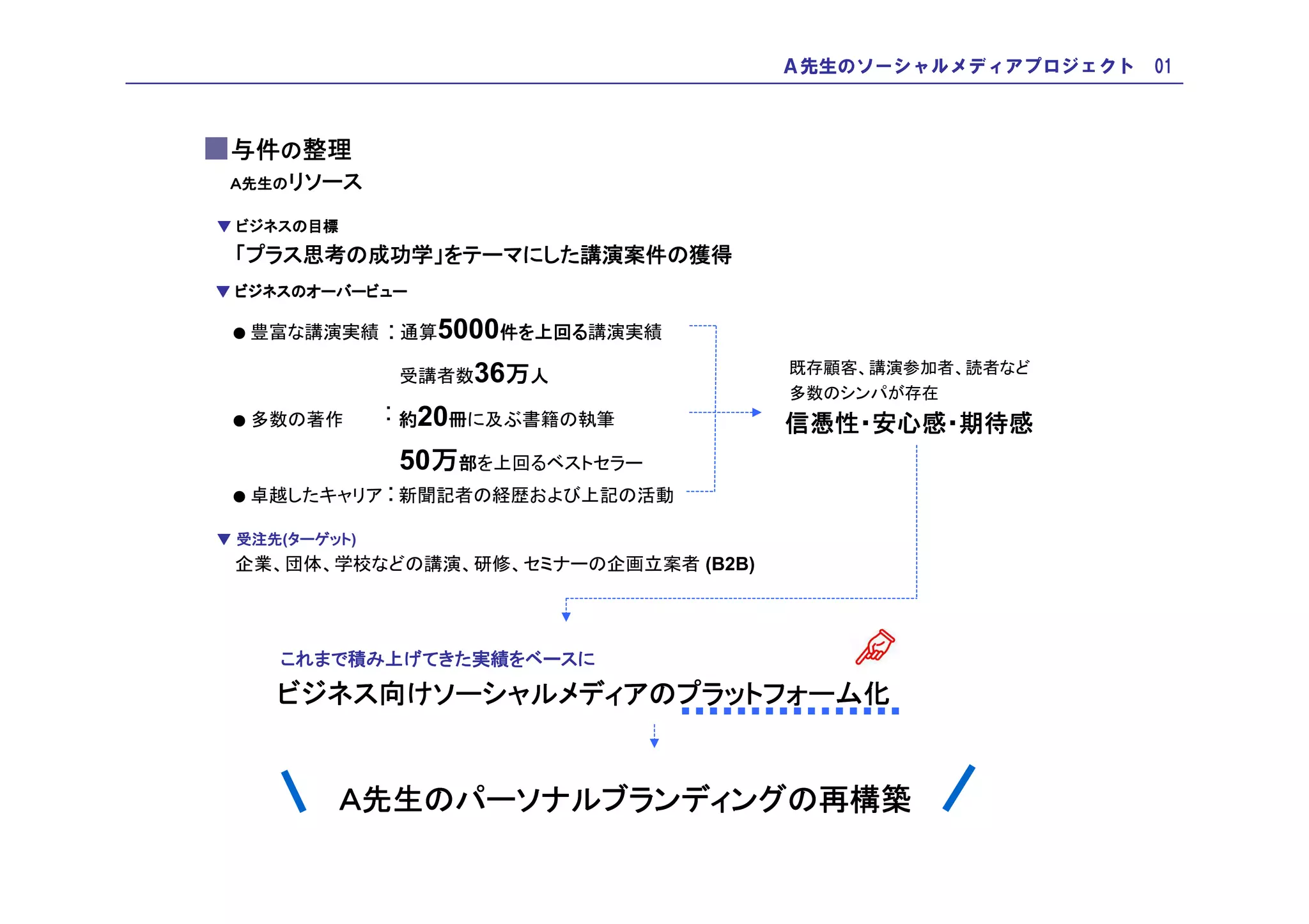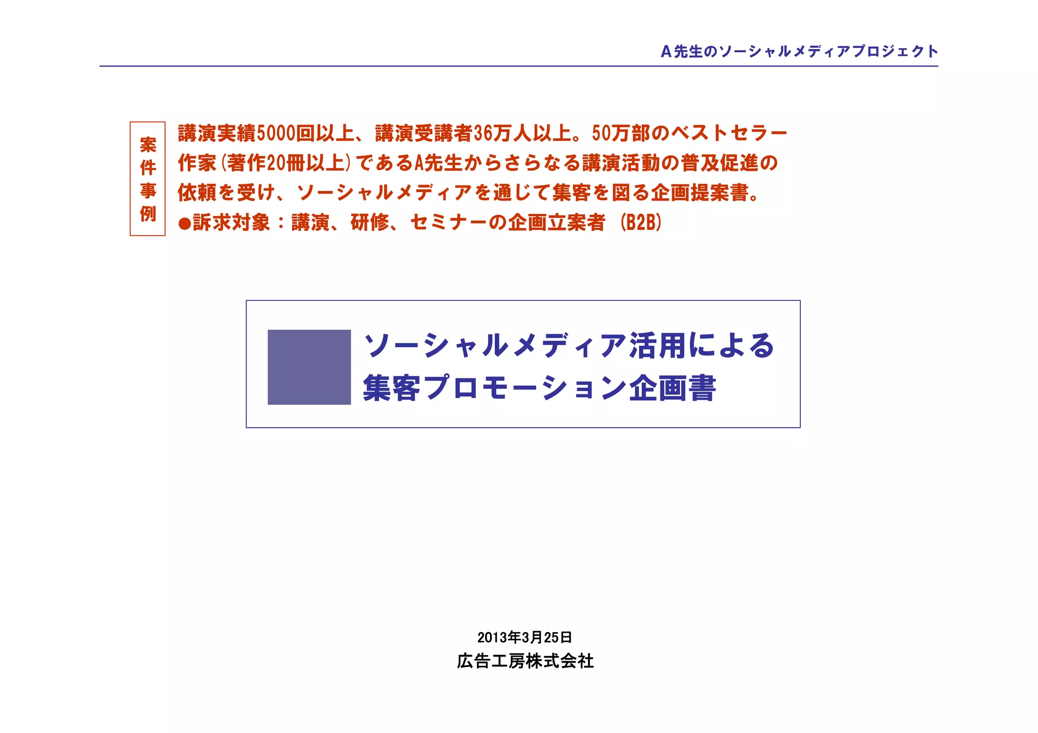 例 依頼を受け、ソーシャルメディアを通じて集客を図る企画提案書。
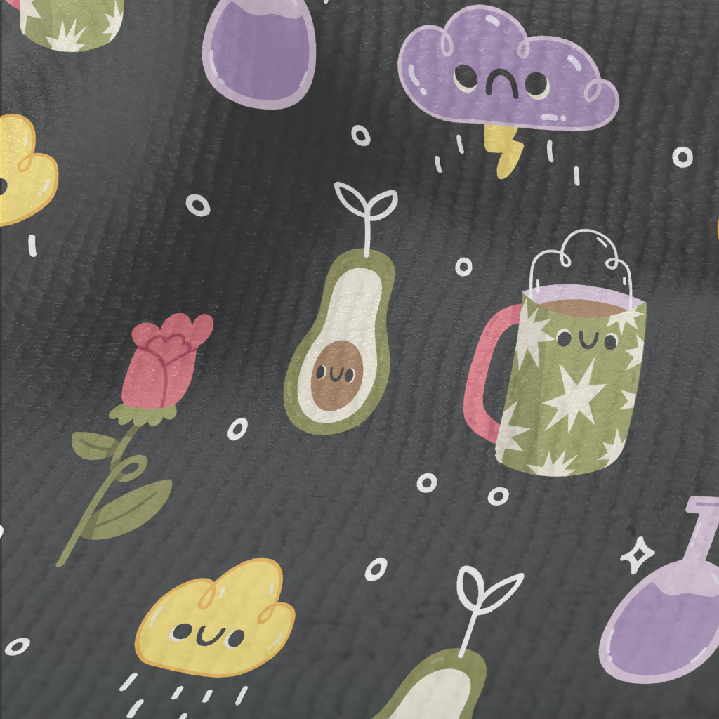 可愛表情杯子雲朵酪梨毛巾布(幅寬160公分)
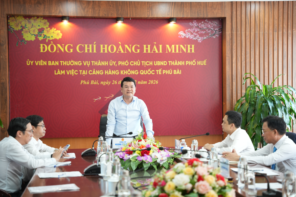 Tại Cảng hàng không quốc tế Phú Bài, Phó Chủ tịch UBND thành phố Hoàng Hải Minh ghi nhận nỗ lực của tập thể cán bộ, người lao động của cảng trong việc đồng hành cùng sự phát triển chung của thành phố. Tuy nhiên, Phó Chủ tịch UBND thành phố cũng thẳng thắn chỉ ra một số tồn tại như sản lượng khai thác và tần suất đường bay vẫn chưa đạt như kỳ vọng so với tiềm năng du lịch, dịch vụ của Huế. Phó Chủ tịch UBND thành phố đề nghị đơn vị phân tích rõ nguyên nhân tăng, giảm sản lượng; chủ động phối hợp với các hãng hàng không làm việc cụ thể để mở thêm đường bay, tăng chuyến bay đến Huế, nhất là các thị trường trọng điểm.

#####

* What you need to do: Write out the listing word for word, omitting the pictures it holds.

* The answer:
 例 依頼を受け、ソーシャルメディアを通じて集客を図る企画提案書。
 可愛表情杯子雲朵酪梨毛巾布(幅寬160公分)
 Tại Cảng hàng không quốc tế Phú Bài, Phó Chủ tịch UBND thành phố Hoàng Hải Minh ghi nhận nỗ lực của tập thể cán bộ, người lao động của cảng trong việc đồng hành cùng sự phát triển chung của thành phố. Tuy nhiên, Phó Chủ tịch UBND thành phố cũng thẳng thắn chỉ ra một số tồn tại như sản lượng khai thác và tần suất đường bay vẫn chưa đạt như kỳ vọng so với tiềm năng du lịch, dịch vụ của Huế. Phó Chủ tịch UBND thành phố đề nghị đơn vị phân tích rõ nguyên nhân tăng, giảm sản lượng; chủ động phối hợp với các hãng hàng không làm việc cụ thể để mở thêm đường bay, tăng chuyến bay đến Huế, nhất là các thị trường trọng điểm.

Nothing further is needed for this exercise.